Here is an example of annotating adducts with
getAnnotation
ex.Adducts <- getAnnotation(ex.Isotopes, ppm = 10,
adinfo = positive.adinfo, polarity = "positive",
normalizeScore = TRUE)
#> Computing annotation
#> Annotation computed, updating peaklist
show(ex.Adducts)
#> anClique S4 object with 126 features
#> Features have been splitted into 15 cliques
#> 37 Features are isotopes
#> 85 features annotated
As we see from the summary
output, 178 of 275 features
have annotation. Function getAnnotation
requires as input
an adduct list, the parameter adinfo
. Users can use the
default adduct list positive.adinfo
for positive charged
adducts and negative.adinfo
for negative charged adducts.
polarity
must be set, either to positive
or
negative
. Lots of neutral masses are found when the clique
groups have many features. In those cases, scoring all annotations could
take much time as there are many possible combinations. To prevent this,
neutral masses that likely will be in the final top annotations are
selected and annotation is computed quickly. The selected masses have
the highest frequency adducts and the largest number of adducts. For
each clique group, all neutral masses are ordered depending on their
score. A number of top scoring masses controlled by
topmasstotal
parameter are selected. Additionally and for
every feature, the ordered list of scored neutral masses is subsetted to
only the neutral masses with adducts in that feature. Then a number of
top scoring masses set by topmassf
parameter are selected
in each sublist, and added to the set of selected masses. After the mass
selection, and in cases of big cliques (size of a “big” clique is
defined by parameter sizeanG
), annotation groups are
splitted again in new non overlapping groups just taking into account
the set of selected neutral masses.
getCliques
stores the annotation in the
peaklist
of the anClique
object.

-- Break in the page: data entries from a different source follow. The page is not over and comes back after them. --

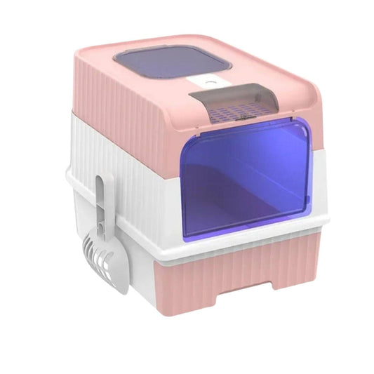 Pink Fully Enclosed - Semi-sealed Pet Cat Litter Box Anti-Splash Deodorant Cat Toilet Two-Way Litter Tray with Shovel Litter Tray
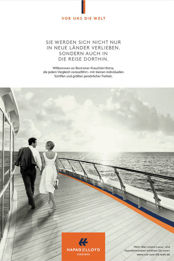 Hapag-Lloyd Cruises ist in den deutschsprachigen Märkten der führende Anbieter für Expeditions- und Luxuskreuzfahrten auf höchstem Niveau. Das werden wir wieder verstärkt deutlich machen. Claim und Design werden Ihnen daher nicht nur in Anzeigen, sondern auch in allen anderen Medien der Dachmarkenkommunikation begegnen. Nicht zuletzt soll der Claim auch nach innen wirken: als ständige Erinnerung daran, neue Routen, Wege und Möglichkeiten zu entdecken.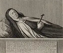 After her conversion, a confessor wanted to allow her to take communion immediately, but she refused, finding herself ‘unworthy’.[153] The second wife of Monsieur, Elizabeth Charlotte of the Palatinate recounts questioning La Vallière about why she remained a ‘suivante’ (a servant or companion) of Montespan. She replied that she wished to ‘do penance [...] suffer[ing] what was most painful for her, to share the King's heart [with another woman] and see herself despised by him [...], offer[ing] all her pains to God as atonement for her past sins; for, since her sins had been public, her penance had to be public too’.[154] Courtiers saw her new religiousness as a hypocritical ploy to achieve material gains from the King.[155] Her potential marriage was mentioned again, possibly to Lauzun. In late June 1670, Madame died. She agonised for a long time and believed that she had been poisoned.[156] La Vallière was present at her deathbed.[157] In her last hours, she was told by a canon, Nicolas Feuillet, that ‘all [her] life had been but sin’, and she repented publicly. When she complained of excruciating pain, Feuillet told her to embrace the suffering and think of God.[158] Courtiers remained under the impression of Madame's sudden death and her repentance for a long time.[159]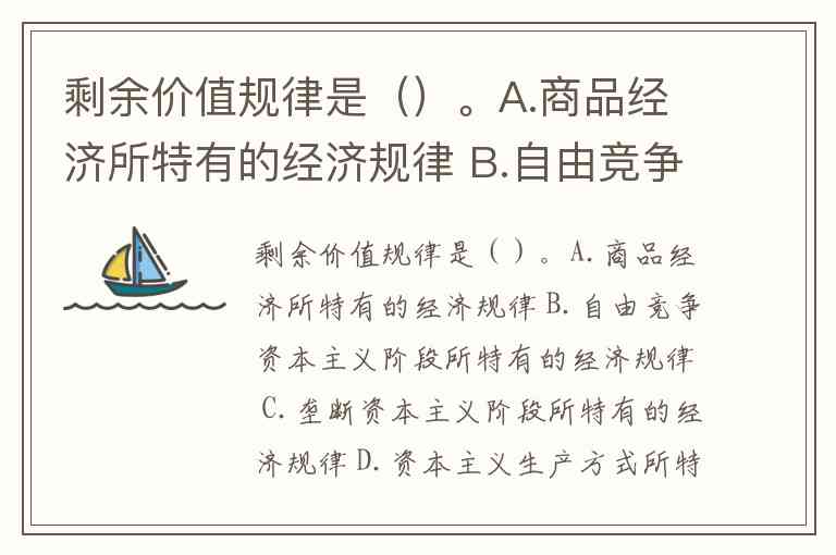 剩余价值规律是()。A.商品经济所特有的经济规律 B.自由竞争资本主义阶段所特有的经济规律 C.垄断资本主义阶段所特有的经济规律 D.资本主义生产方式所特有的经济规律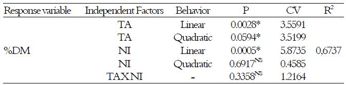 Data of the statistical analysis, p-value, coefficient of variation (CV) and coefficient of determination (R2) obtained for the DM content are listed in Table 1.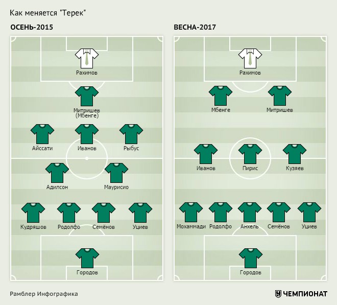 «Терек» стал ещё одной командой Премьер-Лиги, перешедшей на схему в три центральных защитника. Сам по себе модуль 3-Х-Х не оборонительный, и «Ювентус» доказывает это сезон за сезоном, но в России тактика стала средством достижения результата при недостатке мастерства игроков атаки. Первым к использованию 3-Х-Х пришёл Курбан Бердыев, следом – Гаджи Гаджиев в «Амкаре». Мотивация Рахимова – та же, о чём тренер «Терека» говорил на днях: «Раньше имели хороший контроль мяча. Опорная зона состояла из таких футболистов, как Маурисио, Адилсон. Плюс были ещё Рыбусь, Айссати. Сегодня у нас другие игроки. И нужно стараться выжимать из них максимум».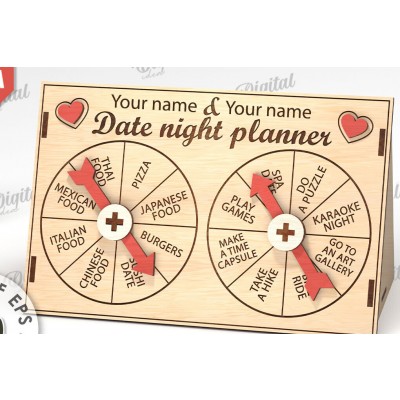 Date Night Spinner Planner Laser Cut Πρόκειται για ψηφιακό σχεδίου, ιδανικό για κοπή με ή plotter. Κατασκευασμένο απο Ξύλο από plywood [3mm ή 4mm], κομμένο με ακρίβεια στην βιοτεχνία Intrahome . Το φυσικό ξύλο προσφέρει μια κομψή, αυθεντική υφή και μπορεί εύκολα να βαφτεί ή να διακοσμηθεί σύμφωνα με το προσωπικό σας γούστο. Ελληνική παραγωγή – Κατασκευάζεται στην Ελλάδα με προσοχή στη λεπτομέρεια και υψηλές προδιαγραφές ποιότητας. ✔️ Υλικό: Plywood υψηλής ποιότητας ✔️ Διατίθεται σε πάχος 3mm ή 4mm ✔️ Ελαφρύ, ανθεκτικό και εύκολο στη χρήση ✔️ Ιδανικό για βάψιμο, χάραξη, κόλληση και χειροτεχνίες ✔️ Κατάλληλο για μπομπονιέρες, διακόσμηση, δώρα και DIY projects ✅ Εγγύηση 2 ετών – Σε περίπτωση σπασίματος, η αντικατάσταση γίνεται άμεσα, χάρη στην τοπική ελληνική παραγωγή μας. Ιδανικό για δημιουργικούς ανθρώπους που αγαπούν το DIY. Μπορεί να γίνει ξεχωριστό δώρο με προσωπικό χαρακτήρα. Φέρνει “χειροποίητη” αισθητική στη διακόσμηση. -files- Ελληνική χειροποίητη παραγωγή → στηρίζε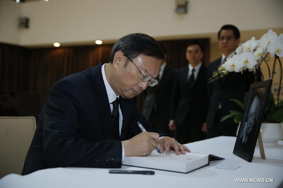Le conseiller d'Etat chinois Yang Jiechi a rendu hommage à l'ancien Premier ministre singapourien Lee Kuan Yew jeudi à l'ambassade de Singapour en Chine.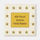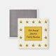 Créez un souvenir unique pour votre prochaine réunion de famille avec un aimant de réfrigérateur. Ces magnets carré ont un cadre d'étoiles dorées. Vos informations d'événement apparaissent dans un rectangle doré au centre. Tout le texte peut être customisé rapidement et facilement.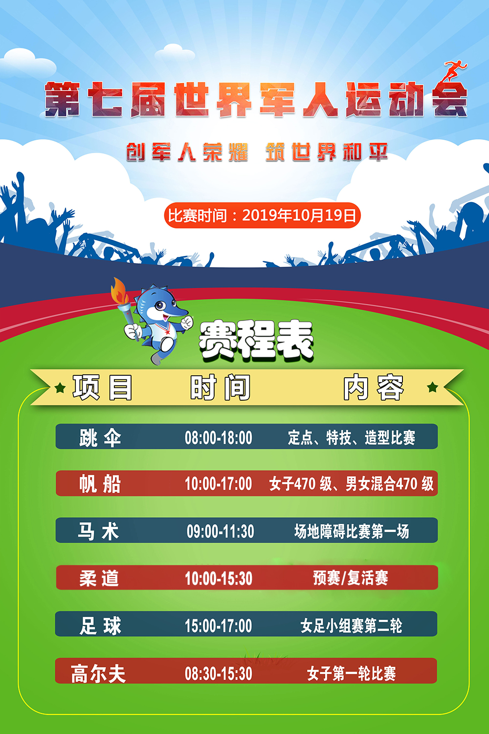 10月19日第七屆世界軍人運(yùn)動會賽程安排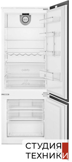 Общие характеристики:- Тип: встраиваемый- Вид: холодильник с морозильником- Количество камер: 2- Количество компрессоров: 1- Разморозка холодильной камеры: ручное- Разморозка морозильной камеры: ручное- Общий объем холодильника: 400 л- Объем холодильной камеры: 300 л- Объем морозильной камеры: 100 л- Цвет: белый- Количество дверей: 2- Дверной упор: справа- Уровень шума: 35 дБ- Климатический класс: SN-T- Годовое потребление энергии: 240 кВтч/год- Размеры (ВхШхГ): 1944х68.9х55 см- Размеры ниши для встраивания (ВхШхГ): 194.3-194.4х71.4х56.3 см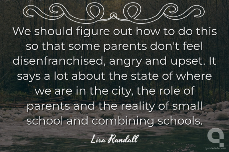 We should figure out how to do this so that some parents don't feel disenfranchised, angry and upset. It says a lot about the state of where we are in the city, the role of parents and the reality of small school and combining schools.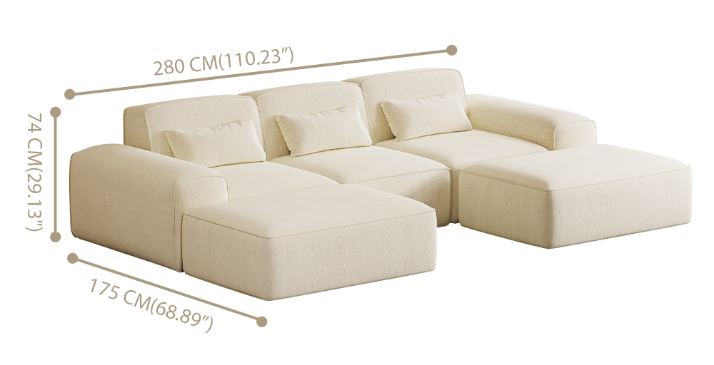 3-SEATS WITH TWO OTTOMANS DIMENSIONS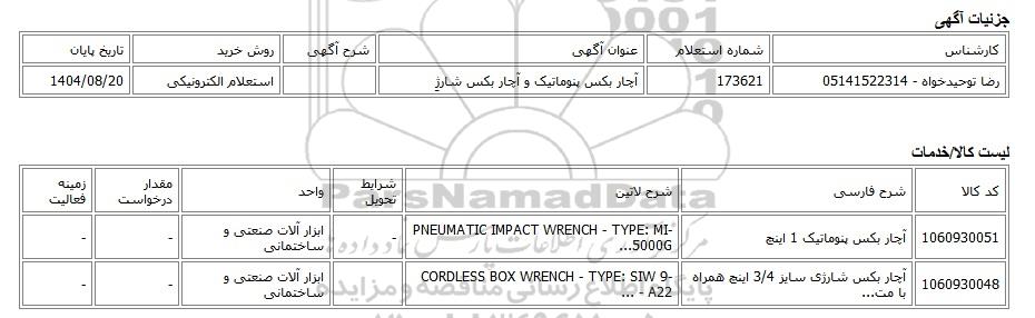 رضا توحیدخواه - 05141522314173621آچار بکس پنوماتیک و آچار بکس شارژِاستعلام الکترونیکی1404/08/20
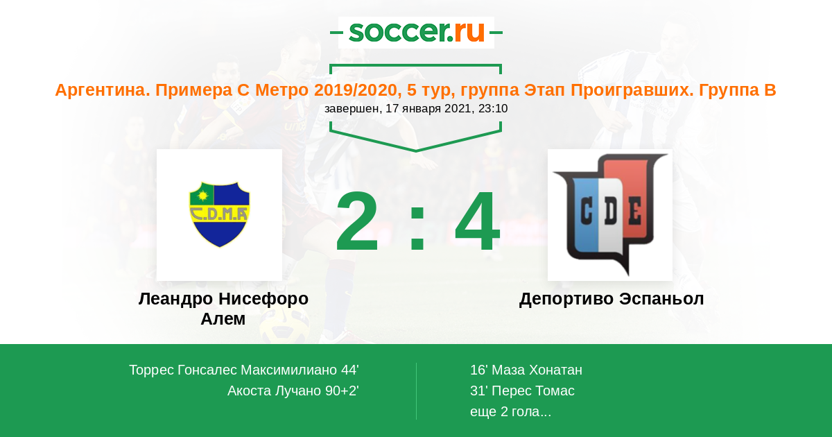 | Аргентина. Примера С Метро | 15 | 8 | 4 | 3 |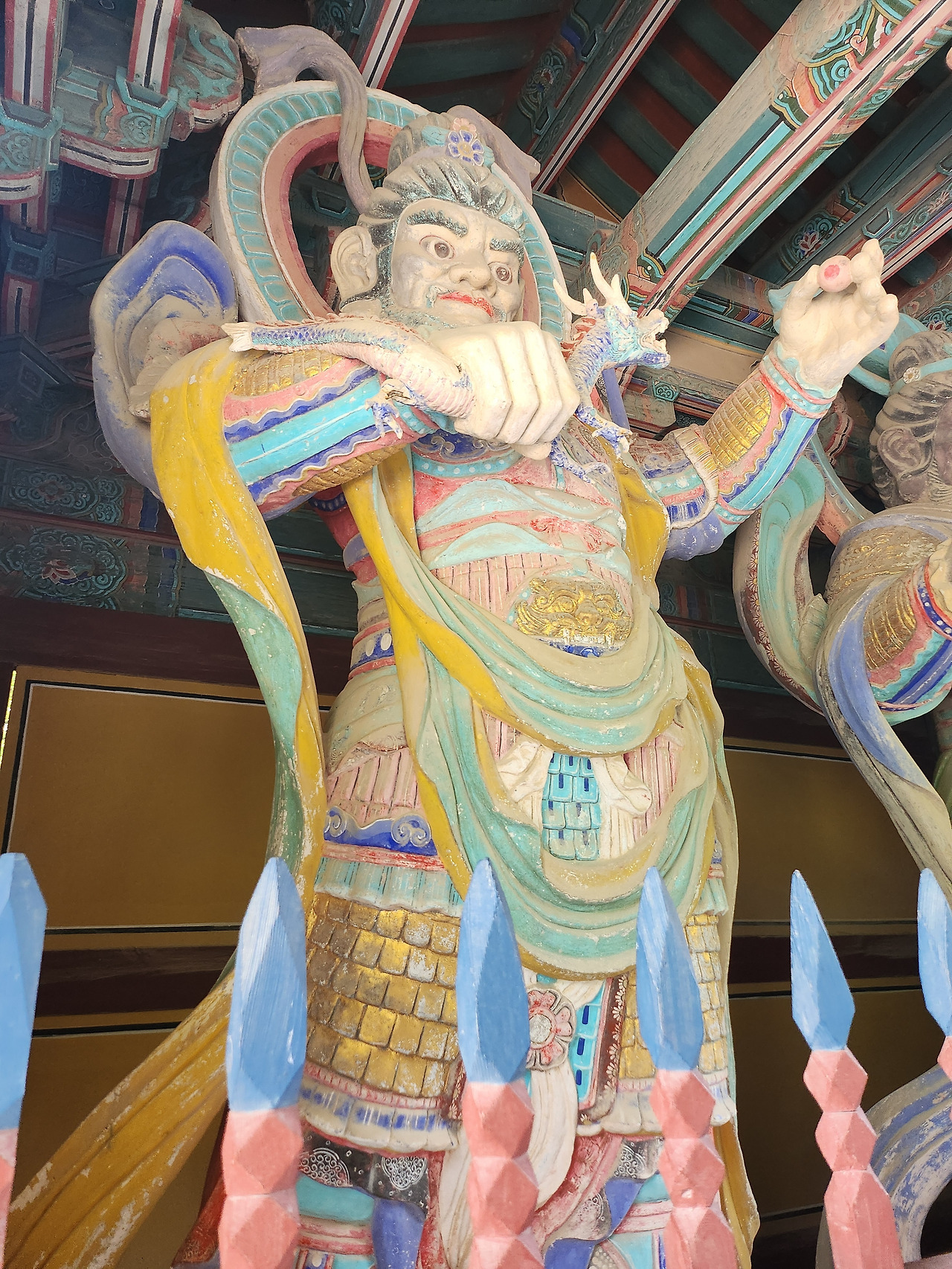 입구에서 본 사천왕상이 용의 입에서 여의주를 빼앗는 듯한 자세가 재미있었다. 그리스로마 신화 헤라클레스가 중앙아시아를 거쳐 들어오면서 한국에서 사천왕이나 금강역사가 되었다. 헤라클레스 12과업 중 비슷한 이미지를 찾아보니 물뱀 휘드라와 싸우는 장면이 비교적 비슷한 것 같다.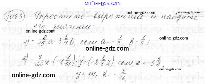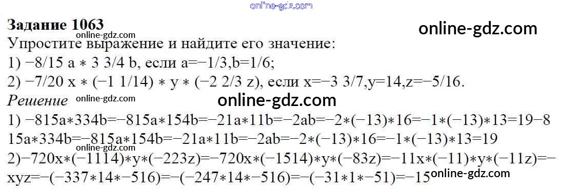 Готовые домашние задания по Математике за 6 класс Учебник Мерзляк, Полонский Алгоритм успеха 2016 - Глава 4. Рациональные числа и действия над ними (упражнения) 1063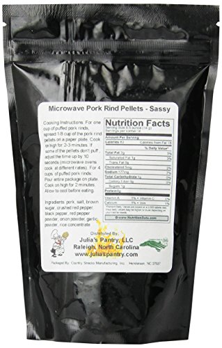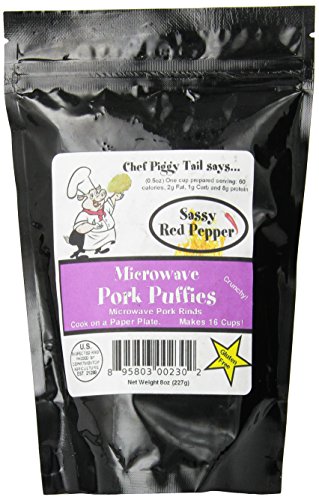 -. Title : Chef Piggy Tail Microwave Pork Puffies Pork Rinds, Sassy, 8 Ounce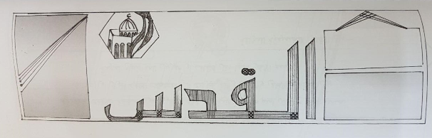 لافتة صحيفة ويلاحظ الارتباط بين الاسم والشعار، وقد صممت آذان الصحيفة بتوظيف هندسي بسيط وقد مزج بين الافقي والعمودي.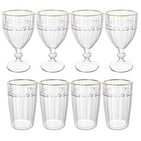 Conjunto De 4 Taças e Copos Imperial Transparente Fio de Ouro - Lyor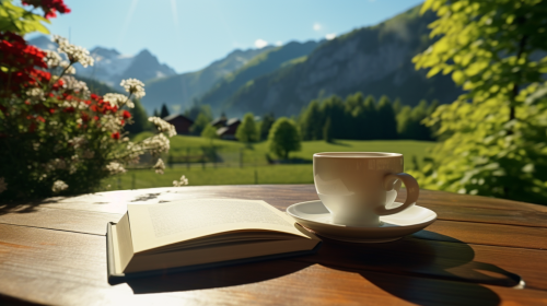 coffee and book outside in a swiss country side background, the alps, relaxing, Ultra-realistic, ultra-hd, 8k --ar 16:9 --v 5.2
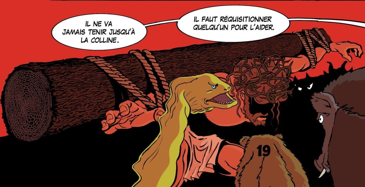 1 P 2,24 Lui-même a porté nos péchés, dans son corps, sur le bois, afin que, morts à nos péchés, nous vivions pour la justice. Par ses blessures, nous sommes guéris. C’est toujours une façon originale de voir Simon de Cyrène aider Jésus à porter sa croix. (au fait, si le chat de la case d’avant …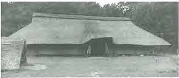 Das Sachsenhaus bei Münster-Gittrup (bei Greven als Sachsenhof wiederaufgebaut). Solche schiffsförmigen Häuser mit vorgezogenem Eingang und schräg gestellten Außenpfosten wurden mit dem Vordringen der Sachsen in ganz Nordwesteuropa verbreitet. Auch die Häuser der Sendenhorster Sachsen werden so ausgesehen haben.Völkerwanderung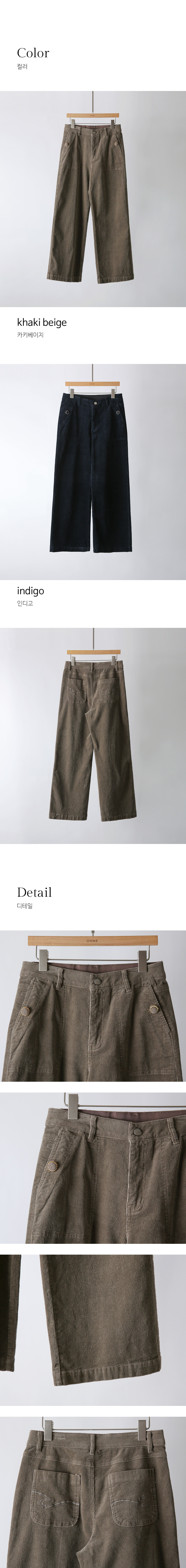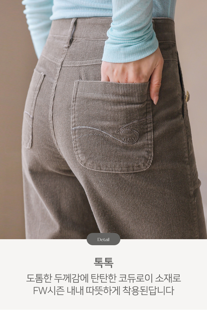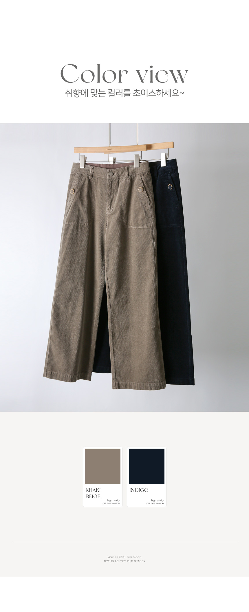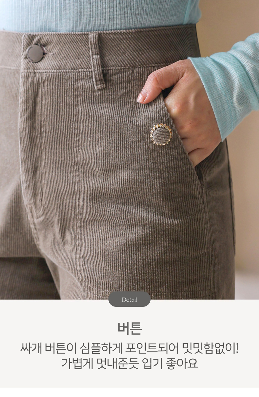 올리버 버튼 포인트 포근 웜터치 코듀로이 세미 와이드 일자 팬츠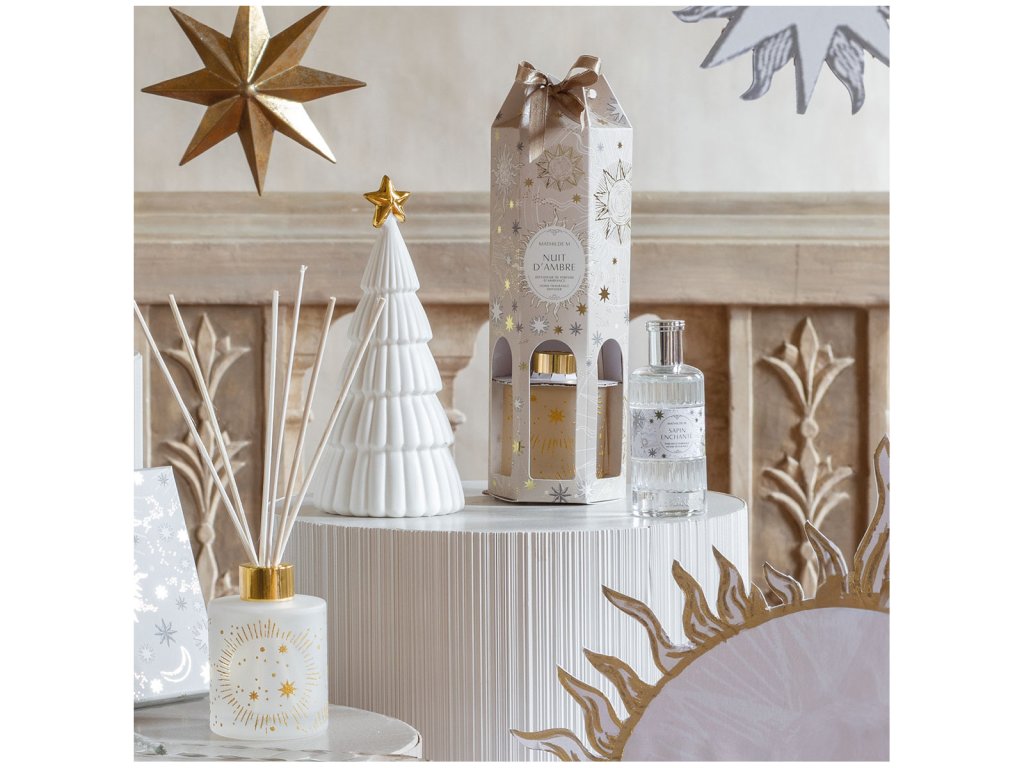 Objavte všetku eleganciu a jemnosť izbového difuzéra vôní Fête Céleste. Vďaka sieťotlačovým trblietavým zlatým vzorom tento skutočný dekoratívny predmet inšpirovaný krásou hviezd prevonia stredne veľkú miestnosť na niekoľko týždňov. Vybielené stonky ratanu, jemne naaranžované vo fľaštičke, sú kapilárne impregnované parfumom, ktorý ho postupne rozptýli do okolitého vzduchu.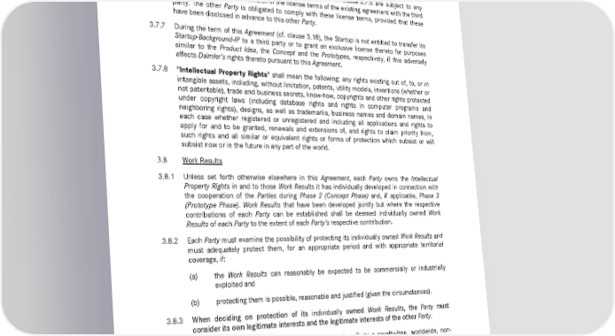 8 Startup adVANce | Cooperation Agreement solely for the purpose of the Startup adVANce Challenge and in accordance with this Agreement. 3.7.5 In addition to the rights of Daimler to the Startup-Background-IP as set forth in clause 3.7.4, Daimler shall be entitled to use the Startup-Background-IP to the extent necessary to use and otherwise exploit the Jointly-owned Work Results pursuant to clause 3.9.4. 3.7.6 If Background-IP is licensed from a third party, the obligation of the Party set forth in clause 3.7.4 and the obligation of the Startup set forth in clause 3.7.5 are subject to any restrictions that may be set forth in the license terms of the existing agreement with the third party. The other Party is obligated to comply with these license terms, provided that these have been disclosed in advance to this other Party. 3.7.7 During the term of this Agreement (cf. clause 3.18), the Startup is not entitled to transfer its Startup-Background-IP to a third party or to grant an exclusive license thereto for purposes similar to the Product Idea, the Concept and the Prototypes, respectively, if this adversely affects Daimler’s rights thereto pursuant to this Agreement. 3.7.8 "Intellectual Property Rights" shall mean the following: any rights existing out of, to, or in intangible assets, including, without limitation, patents, utility models, inventions (whether or not patentable), trade and business secrets, know-how, copyrights and other rights protected under copyright laws (including database rights and rights in computer programs and neighboring rights), designs, as well as trademarks, business names and domain names, in each case whether registered or unregistered and including all applications and rights to apply for and to be granted, renewals and extensions of, and rights to claim priority from, such rights and all similar or equivalent rights or forms of protection which subsist or will subsist now or in the future in any part of the world. 3.8 Work Results 3.8.1 Unless set forth otherwise elsewhere in this Agreement, each Party owns the Intellectual Property Rights in and to those Work Results it has individually developed in connection with the cooperation of the Parties during Phase 2 (Concept Phase) and, if applicable, Phase 3 (Prototype Phase). Work Results that have been developed jointly but where the respective contributions of each Party can be established shall be deemed individually owned Work Results of each Party to the extent of each Party’s respective contribution. 3.8.2 Each Party must examine the possibility of protecting its individually owned Work Results and must adequately protect them, for an appropriate period and with appropriate territorial coverage, if: (a) the Work Results can reasonably be expected to be commercially or industrially exploited and (b) protecting them is possible, reasonable and justified (given the circumstances). 3.8.3 When deciding on protection of its individually owned Work Results, the Party must consider its own legitimate interests and the legitimate interests of the other Party. 3.8.4 Subject to clause 3.8.5, each Party grants the other Party a royalty-free, worldwide, non- exclusive, non-transferrable and non-sublicensable right to use its Work Results only to the extent that this is necessary for the other Party (i) to perform such other Party’s obligations under this Agreement, (ii) to use such other Party’s Work Results or (iii) to use the Jointly- owned Work Results, in each case solely for the purpose of the Startup adVANce Challenge and in accordance with this Agreement.

Here we can
see an overview of some annotated features in our sample:
features.clique6 <- getlistofCliques(ex.Adducts)[[6]]
head(getPeaklistanClique(ex.Adducts)[features.clique6,
c("an1","mass1","an2", "mass2", "an3", "mass3", "an4", "mass4", "an5",
"mass5")], n = 10)
#> an1 mass1 an2 mass2 an3 mass3 an4
#> CP037 [M+K]+ 242.0805 NA [M+H+K]2+ 522.1188
#> CP038 [2M+H]+ 242.0805 [M+H]+ 484.1605 [M+Na]+ 462.1786 [M+H-H2O]+
#> CP039 NA [M+NH4]+ 484.1605 NA
#> CP040 [2M+K]+ 242.0805 [M+K]+ 484.1605 [M+H]+ 522.1188 [M+K-H2O]+
#> CP041 [Cat-H]+ 105.0583 [Cat]2+ 208.1014 [Cat-H]+ 105.0583 [Cat-H]+
#> CP042 [M+H-OH]+ 216.0768 [M+H]+ 199.0745 [M+H]+ 199.0745 [M+H]+
#> CP043 NA NA NA
#> CP044 [Cat]+ 118.0649 [Cat]+ 118.0649 [Cat]+ 118.0649 [Cat]+
#> CP045 [Cat-H2O]+ 216.0768 [Cat-H]+ 199.0745 [Cat-H]+ 199.0745 [Cat-H]+
#> CP046 [M+Na]+ 242.0805 [M-H+2Na]+ 220.0986 [M+Na]+ 242.0805 [M-H+2Na]+
#> mass4 an5 mass5
#> CP037 NA [M+H+K]2+ 522.1188
#> CP038 502.1711 [M+H-NH3]+ 501.1871
#> CP039 NA [M+H]+ 501.1871
#> CP040 502.1711 [M+H]+ 522.1188
#> CP041 105.0583 [Cat-H]+ 105.0583
#> CP042 199.0745 [M+H]+ 199.0745
#> CP043 NA NA
#> CP044 118.0649 [Cat]+ 118.0649
#> CP045 199.0745 [Cat-H]+ 199.0745
#> CP046 220.0986 [M-H+2Na]+ 220.0986
Now we have obtained the neutral mass and the adduct annotation for our features. We could use the neutral mass together with the retention time and MS/MS data to annotate more confidently some of these metabolites. We also know how many features in the dataset are isotopes. Finally, we have achieved a reduction in the complexity of our the dataset, from many features to a signficant smaller number annotated neutral masses that have different adducts and isotopes.
[1]: “CliqueMS: a computational tool for annotating in-source metabolite ions from LC-MS untargeted metabolomics data based on a coelution similarity network”. Oriol Senan, Antoni Aguilar-Mogas, Miriam Navarro, Jordi Capellades, Luke Noon, Deborah Burks, Oscar Yanes, Roger Guimerà and Marta Sales-Pardo. Bioinformatics. Accepted March 2019.